Case Study: How NolaStat can improve citizen satisfaction with City Hall

By Brian Denzer

Last week’s customer satisfaction task force hearing offered some excellent boilerplate complaints about how New Orleans City Hall functions, and provided some examples that merit examination as case studies for how problems could be fixed within a NolaStat framework.

Problem: People need a response from city workers right away. They can’t wait until tomorrow for an answer.

“Get rid of the answer machines!” Steve Donahue said, echoing the sentiments of many who attended the late afternoon forum at Langston Hughes Charter School in Gentilly.

Donahue, who does rebuilding work, said that when he tries to reach a city agency by phone, he’s usually looking for permitting information immediately.

“I need to talk to City Hall today,” he said. “If I need to talk to them tomorrow, I’d call them tomorrow.”

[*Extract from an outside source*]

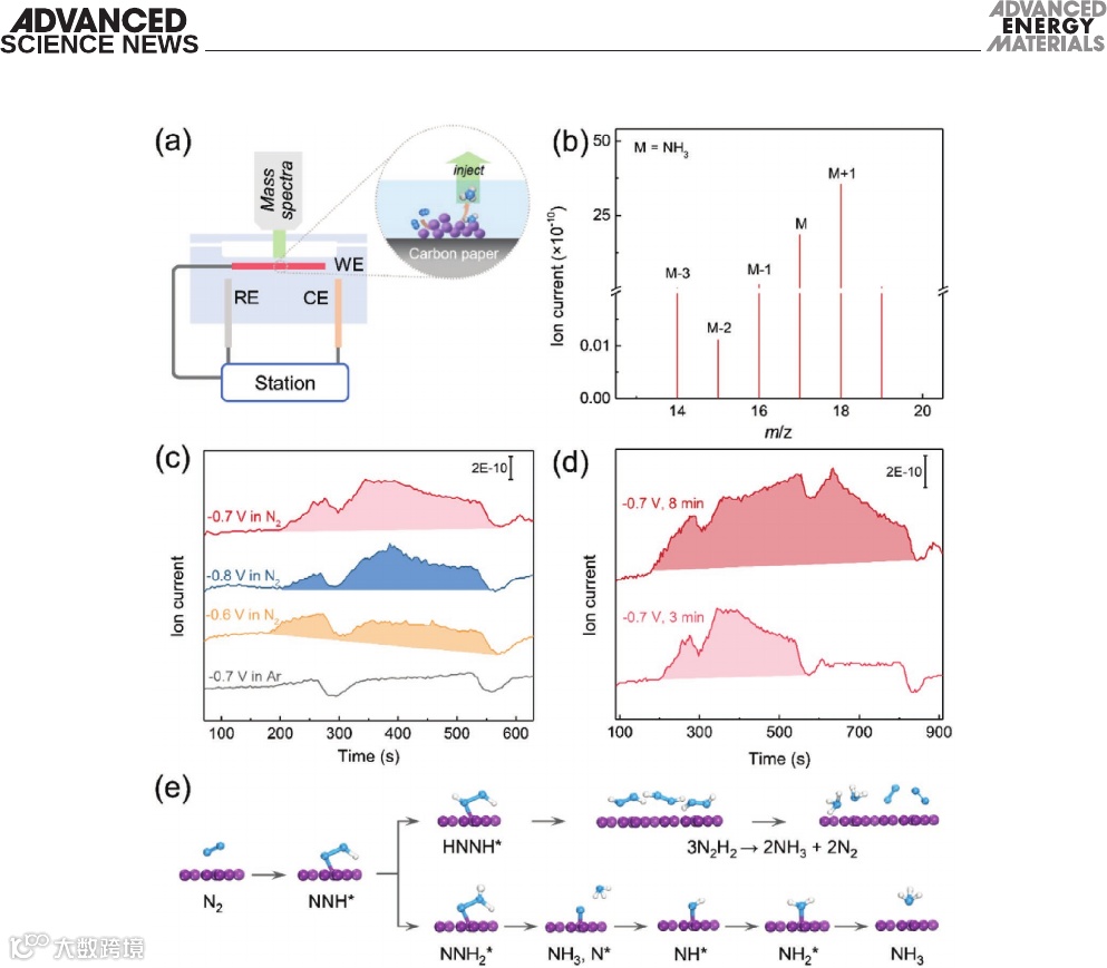 图4:在线微分电化学质谱检测NRR过程中挥发性中间体和产物。

NolaStat Solution: Implement a transparent performance management process

A key NolaStat recommendation is for the next mayor to implement a performance management strategy that identifies all city agencies that are responsible for handling some aspect of high priority citizen concerns, that benchmarks performance indicators for those city agencies, and that defines achievable outcomes to improve customer satisfaction.

In this instance, the speaker is a builder who is probably expressing frustration with the time it takes to acquire building permits, a process that has to traffic applications through a number of city departments. Additionally, the speaker clearly expressed frustration with the time it takes to get a response by phone.

To solve this problem within a performance management context, two key performance indicators could be tracked and published for the public to review. One would be the aggregate time it takes to process building permits from the time the applications are submitted, to the time they are returned to the applicant, with detailed indicators for how long the permit is handled by each department so that bottlenecks can be identified.

Another key performance indicator would be how long it takes for people to speak to a person in City Hall who can help them, and whether the callers are satisfied with the outcome of the call.

By focusing on the efficiency and quality of service, other complaints about poor service, city workers with attitude, and frustration with bureaucratic processes, will be set aside.

Cooperation between agencies, risk-taking, and learning that achieves desired performance, should be recognized and rewarded. NolaStat seeks to replace patronage politics — based upon the exchange of favors — and process politics — in which government workers view success in terms of adherence to official protocols — with performance-based politics — in which government agencies define success in terms of outcomes the public cares about.